--- What is being asked ---
The material below holds pictures, which are to be left out; copy exactly the lines from the one with "Testo a firma" through the one with "Женщина в долине".

--- Provided records ---
------------------------------------

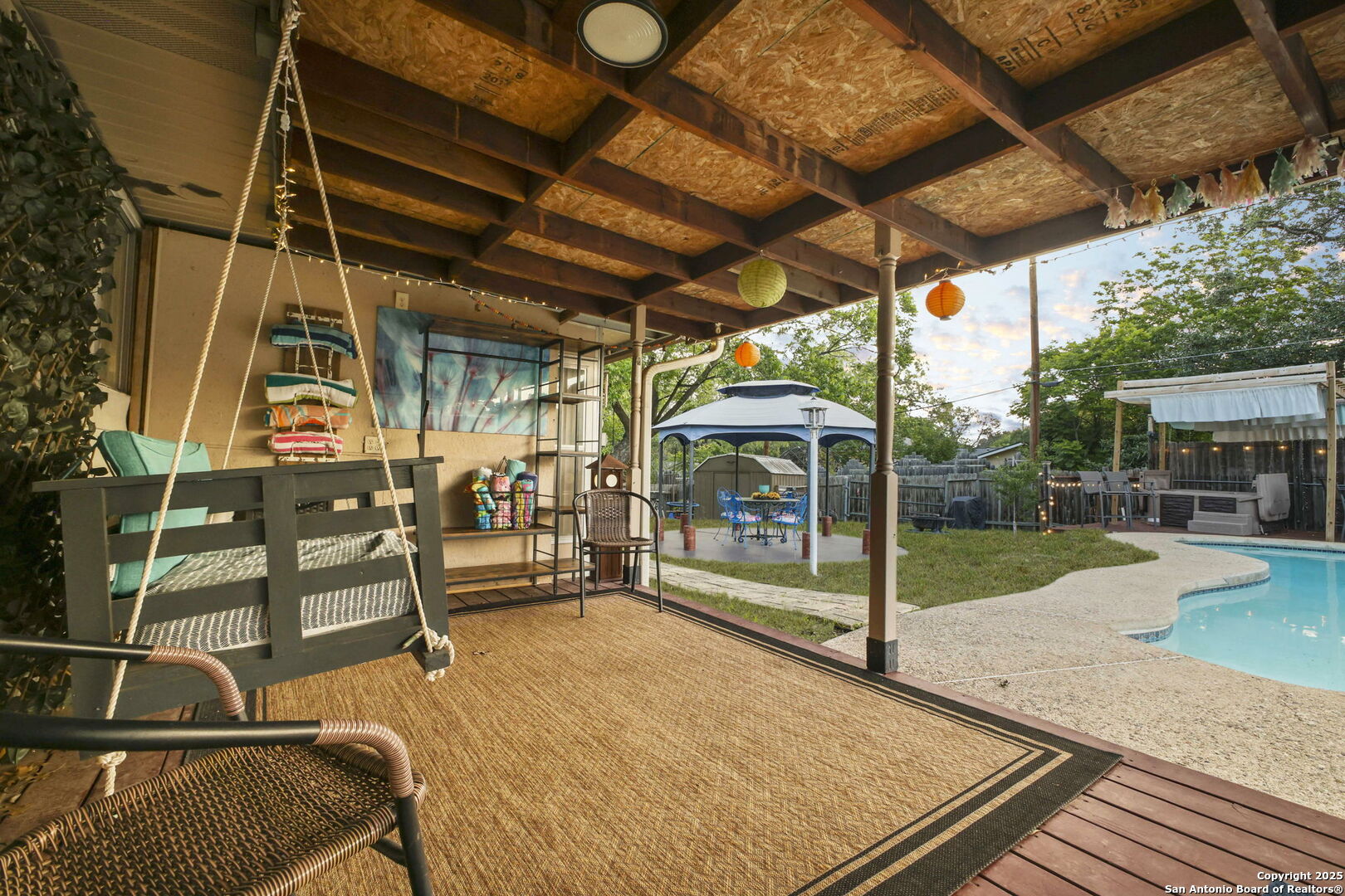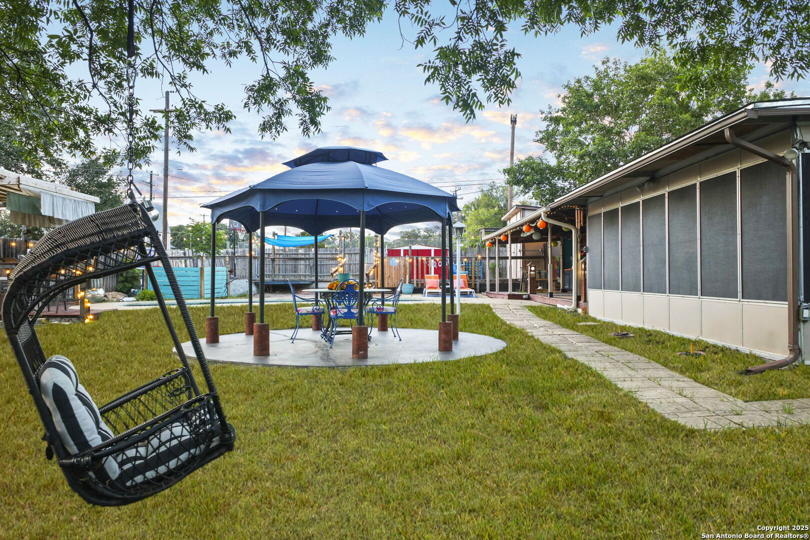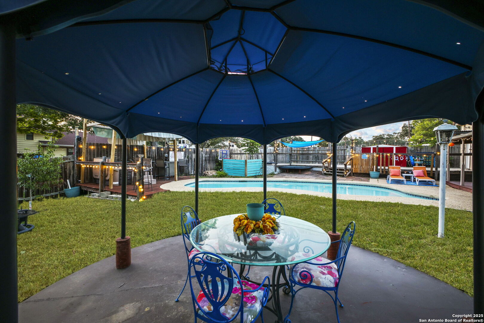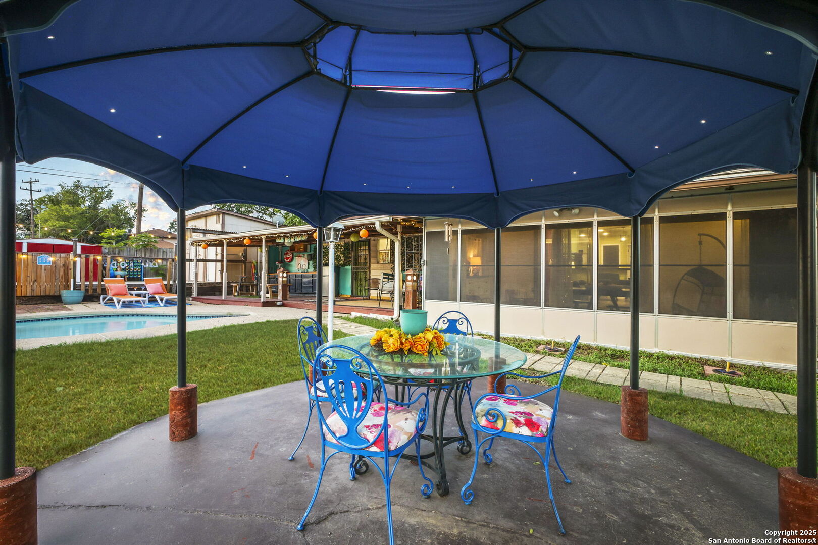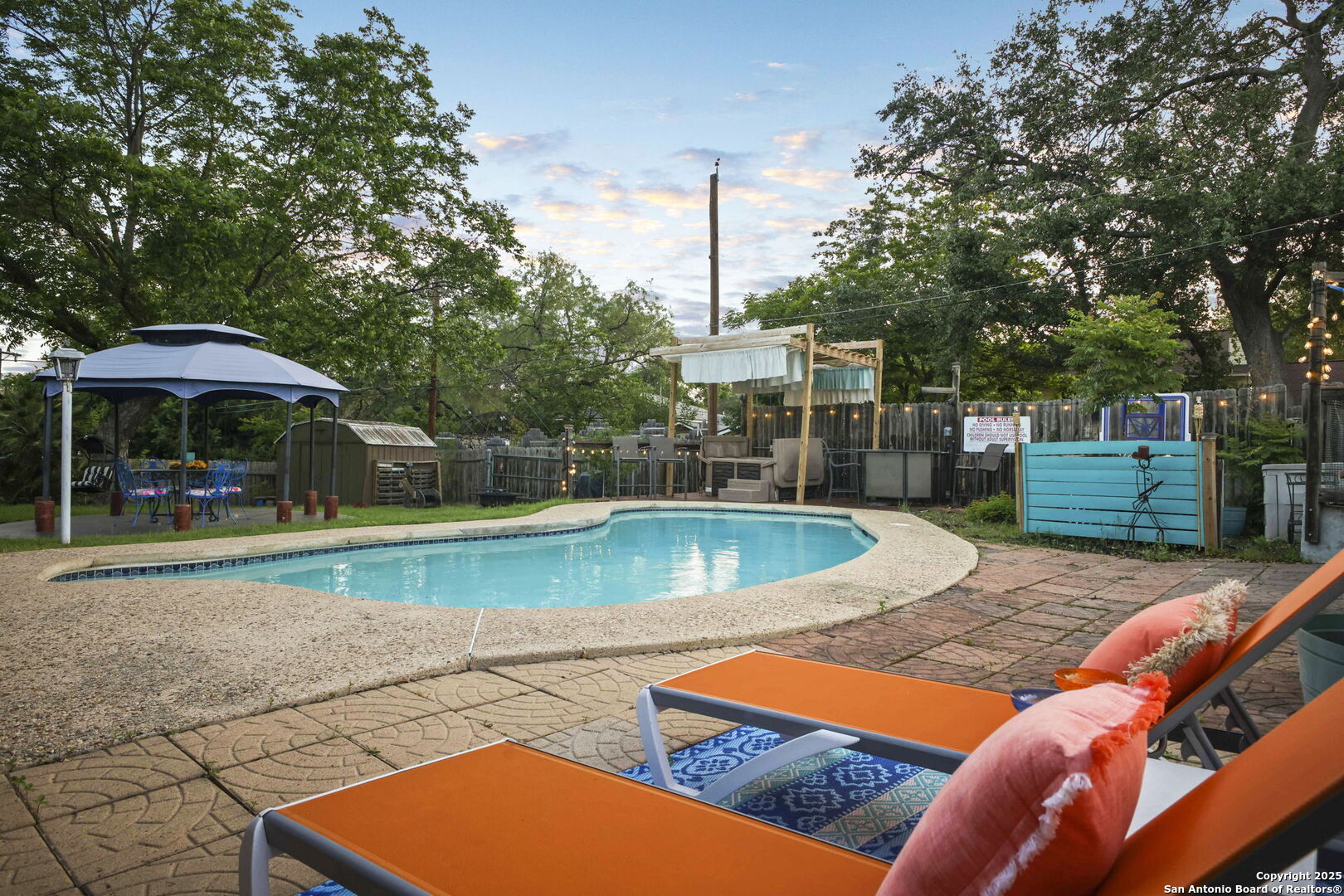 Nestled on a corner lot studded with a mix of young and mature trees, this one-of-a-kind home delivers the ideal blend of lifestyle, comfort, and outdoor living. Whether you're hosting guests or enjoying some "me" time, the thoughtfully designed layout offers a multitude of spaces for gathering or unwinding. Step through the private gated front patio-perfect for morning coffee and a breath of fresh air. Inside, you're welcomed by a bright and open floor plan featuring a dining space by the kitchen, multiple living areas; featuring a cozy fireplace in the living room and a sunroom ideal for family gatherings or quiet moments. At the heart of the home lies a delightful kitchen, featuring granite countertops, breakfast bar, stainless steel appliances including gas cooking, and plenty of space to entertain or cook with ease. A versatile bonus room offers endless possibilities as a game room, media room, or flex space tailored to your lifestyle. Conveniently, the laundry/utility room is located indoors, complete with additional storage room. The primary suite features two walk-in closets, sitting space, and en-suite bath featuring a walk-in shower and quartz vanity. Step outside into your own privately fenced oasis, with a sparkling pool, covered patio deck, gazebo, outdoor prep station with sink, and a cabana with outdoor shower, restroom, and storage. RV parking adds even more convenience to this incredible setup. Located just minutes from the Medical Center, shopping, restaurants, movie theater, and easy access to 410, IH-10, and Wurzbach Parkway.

------------------------------------

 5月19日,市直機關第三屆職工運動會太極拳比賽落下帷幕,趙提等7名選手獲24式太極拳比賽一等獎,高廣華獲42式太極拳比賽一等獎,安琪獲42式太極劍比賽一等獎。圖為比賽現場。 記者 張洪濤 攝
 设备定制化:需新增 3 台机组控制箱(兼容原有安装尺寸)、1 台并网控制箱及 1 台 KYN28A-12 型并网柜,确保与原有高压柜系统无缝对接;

------------------------------------

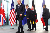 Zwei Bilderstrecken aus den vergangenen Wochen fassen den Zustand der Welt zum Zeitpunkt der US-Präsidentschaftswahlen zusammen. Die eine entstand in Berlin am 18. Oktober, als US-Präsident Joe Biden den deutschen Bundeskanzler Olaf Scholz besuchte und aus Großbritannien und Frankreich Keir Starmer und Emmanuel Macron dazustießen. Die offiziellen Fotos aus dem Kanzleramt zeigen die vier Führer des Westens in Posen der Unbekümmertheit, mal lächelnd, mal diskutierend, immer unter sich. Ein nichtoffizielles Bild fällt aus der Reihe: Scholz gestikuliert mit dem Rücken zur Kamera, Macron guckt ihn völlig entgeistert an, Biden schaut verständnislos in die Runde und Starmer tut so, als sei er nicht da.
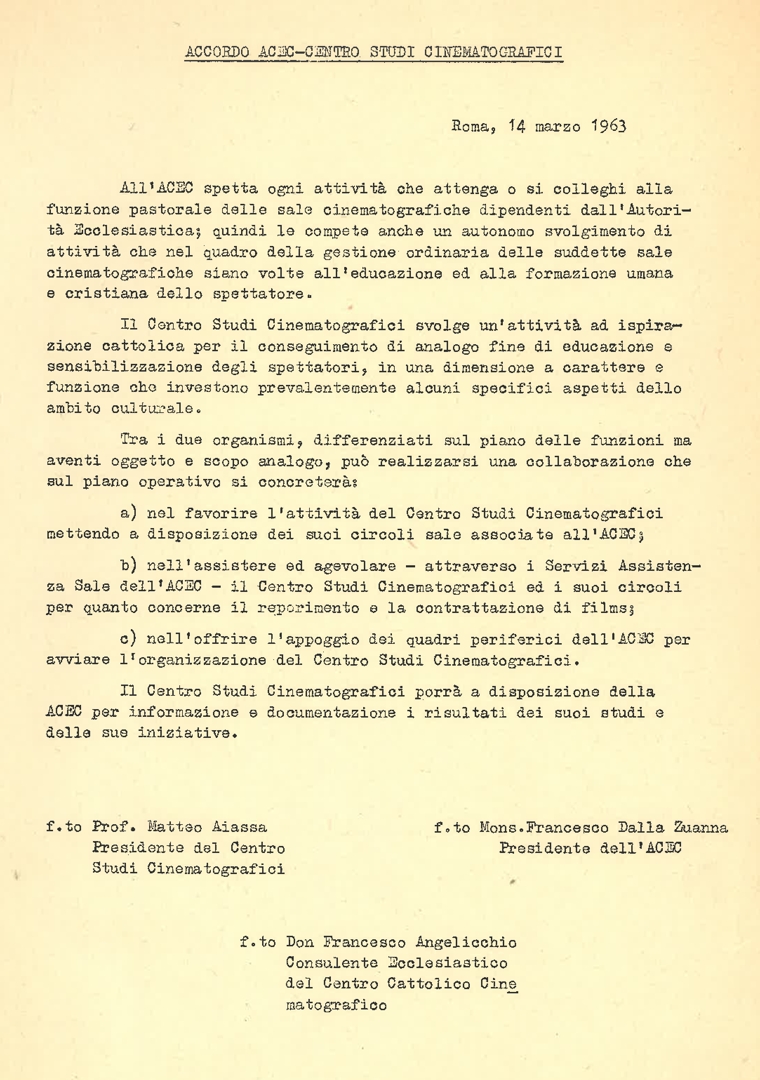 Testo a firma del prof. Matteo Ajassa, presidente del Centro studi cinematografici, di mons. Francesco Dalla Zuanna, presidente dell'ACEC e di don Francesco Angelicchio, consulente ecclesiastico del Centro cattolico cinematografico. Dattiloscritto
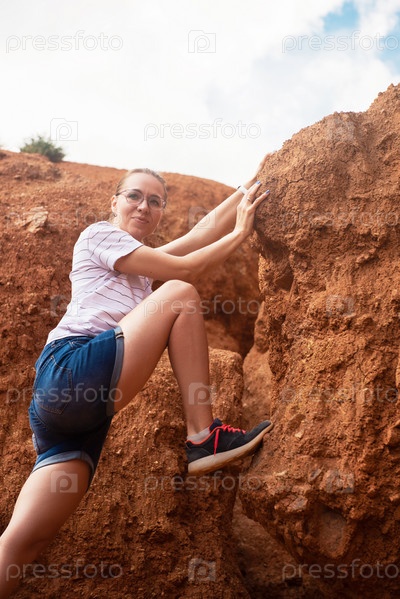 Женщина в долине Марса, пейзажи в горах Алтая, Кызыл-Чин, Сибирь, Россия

------------------------------------

--- Task output ---
 Testo a firma del prof. Matteo Ajassa, presidente del Centro studi cinematografici, di mons. Francesco Dalla Zuanna, presidente dell'ACEC e di don Francesco Angelicchio, consulente ecclesiastico del Centro cattolico cinematografico. Dattiloscritto
 Женщина в долине Марса, пейзажи в горах Алтая, Кызыл-Чин, Сибирь, Россия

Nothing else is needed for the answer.